::: Available records :::

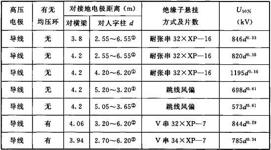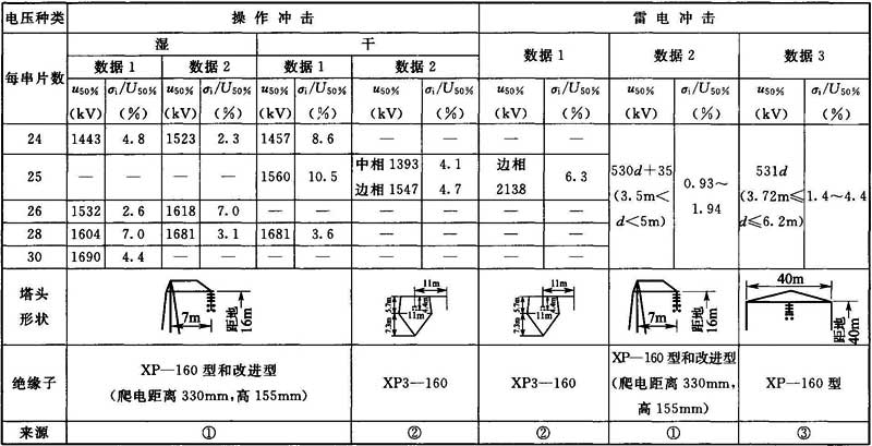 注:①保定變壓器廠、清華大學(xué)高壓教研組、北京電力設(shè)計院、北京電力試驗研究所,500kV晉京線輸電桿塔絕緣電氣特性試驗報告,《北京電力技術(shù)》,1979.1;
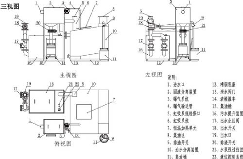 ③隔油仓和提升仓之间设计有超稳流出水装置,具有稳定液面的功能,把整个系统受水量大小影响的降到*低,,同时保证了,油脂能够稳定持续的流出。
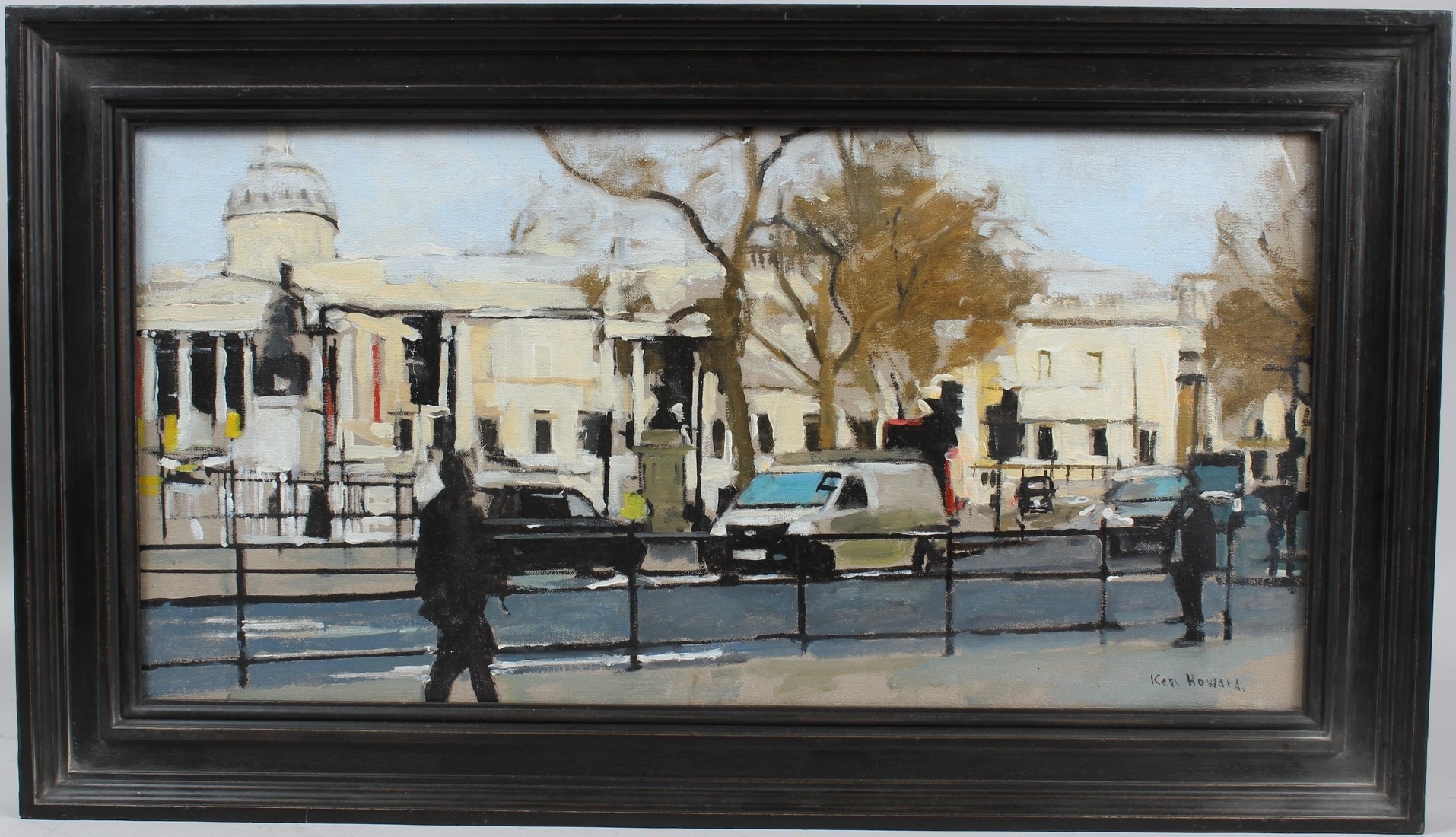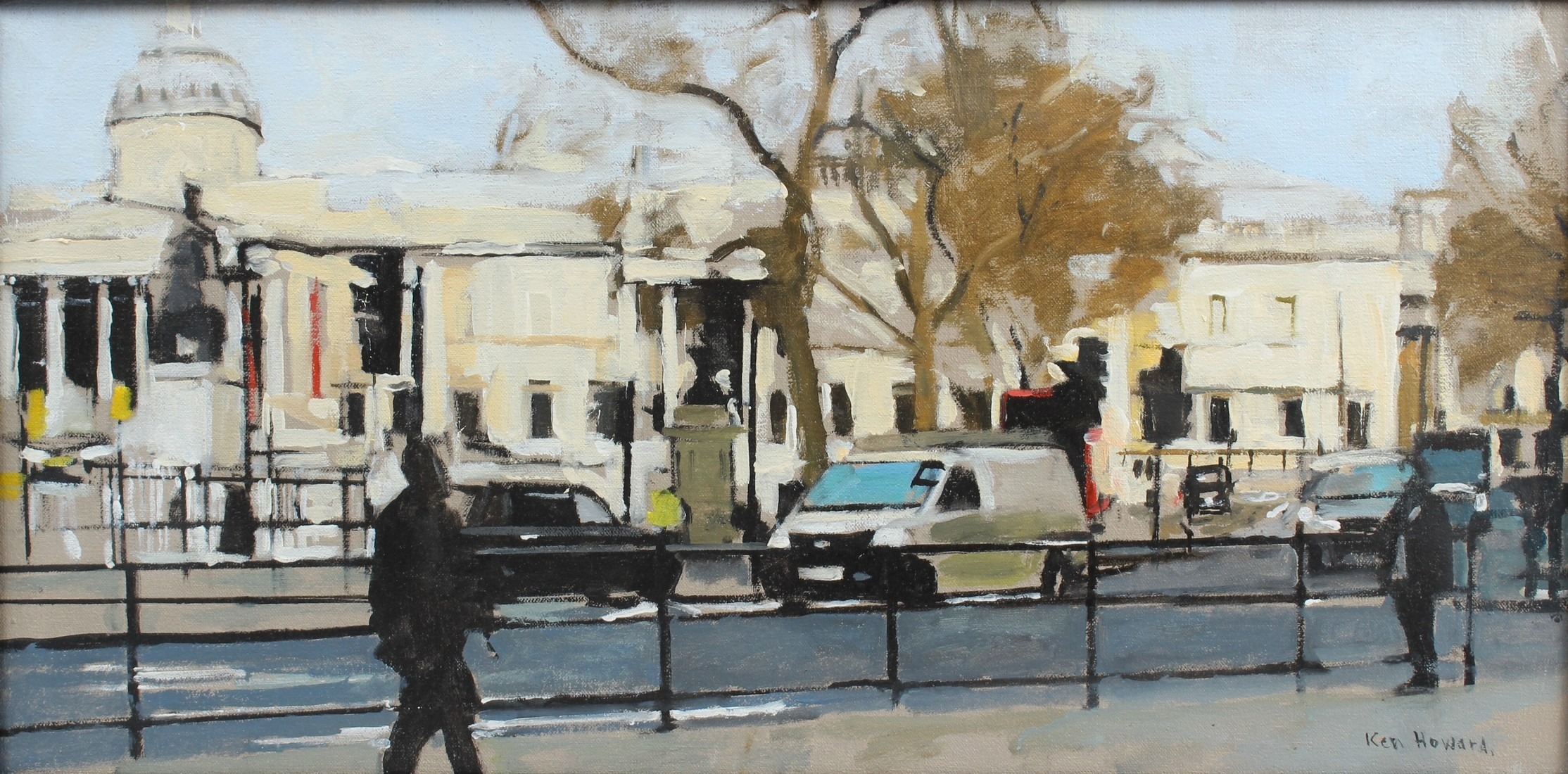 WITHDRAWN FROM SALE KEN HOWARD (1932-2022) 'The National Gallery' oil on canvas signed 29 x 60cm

:::
::: Available records :::

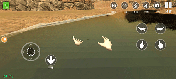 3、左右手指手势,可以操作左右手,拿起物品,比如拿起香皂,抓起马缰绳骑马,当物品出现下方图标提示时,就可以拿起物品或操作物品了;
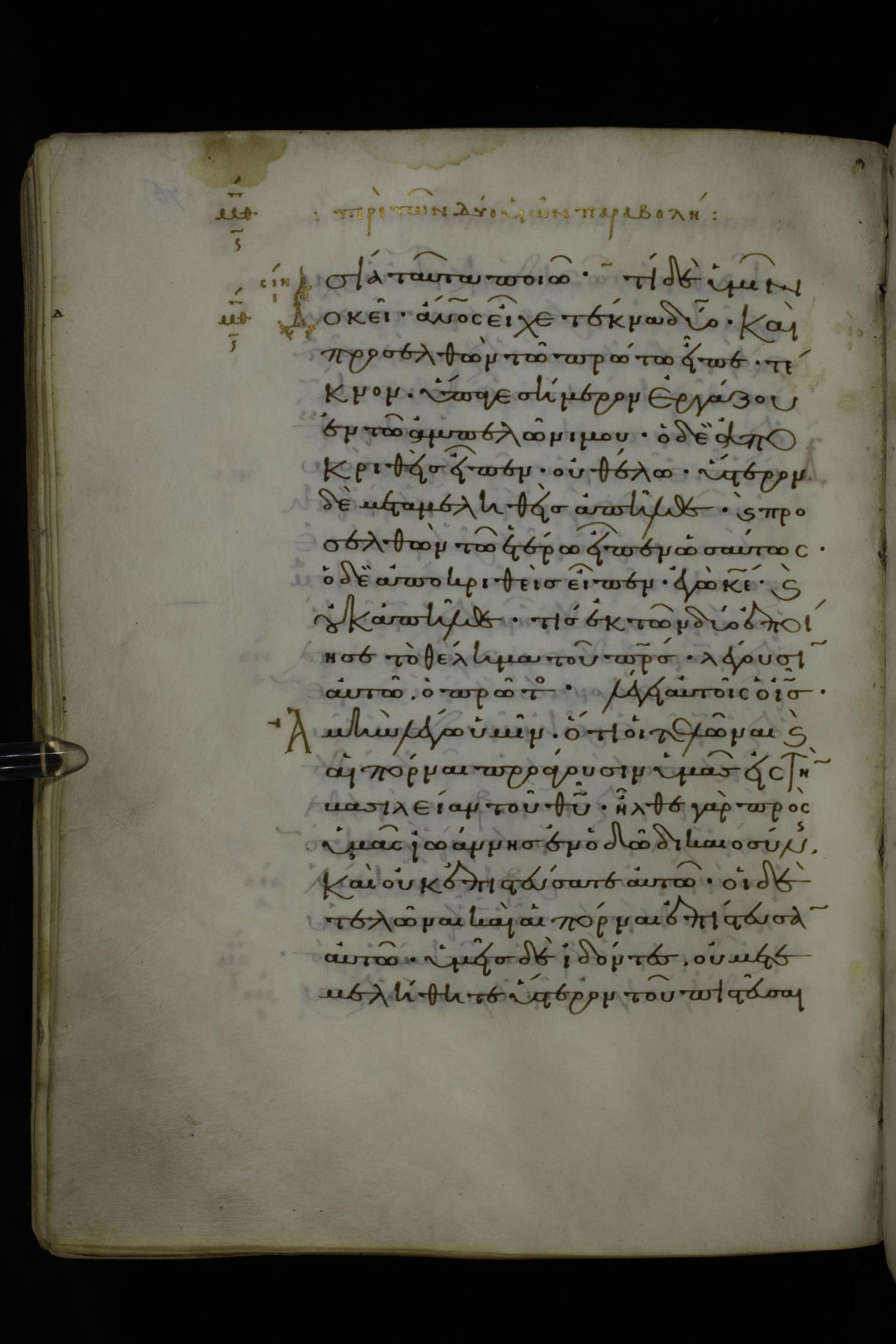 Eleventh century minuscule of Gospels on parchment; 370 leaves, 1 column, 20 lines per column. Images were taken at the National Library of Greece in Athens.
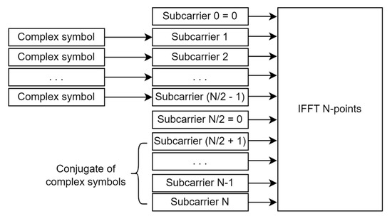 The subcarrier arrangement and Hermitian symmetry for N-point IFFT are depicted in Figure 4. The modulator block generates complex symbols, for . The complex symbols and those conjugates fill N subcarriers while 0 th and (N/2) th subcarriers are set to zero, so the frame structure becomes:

:::

__Task__: Give again the lines of the listing above that run from the one with "注:①保定變壓器廠、清華大學" up to and including the one with "WITHDRAWN FROM SALE". Keep them exact and omit the pictures.

__Response__:
 注:①保定變壓器廠、清華大學(xué)高壓教研組、北京電力設(shè)計院、北京電力試驗研究所,500kV晉京線輸電桿塔絕緣電氣特性試驗報告,《北京電力技術(shù)》,1979.1;
 ③隔油仓和提升仓之间设计有超稳流出水装置,具有稳定液面的功能,把整个系统受水量大小影响的降到*低,,同时保证了,油脂能够稳定持续的流出。
 WITHDRAWN FROM SALE KEN HOWARD (1932-2022) 'The National Gallery' oil on canvas signed 29 x 60cm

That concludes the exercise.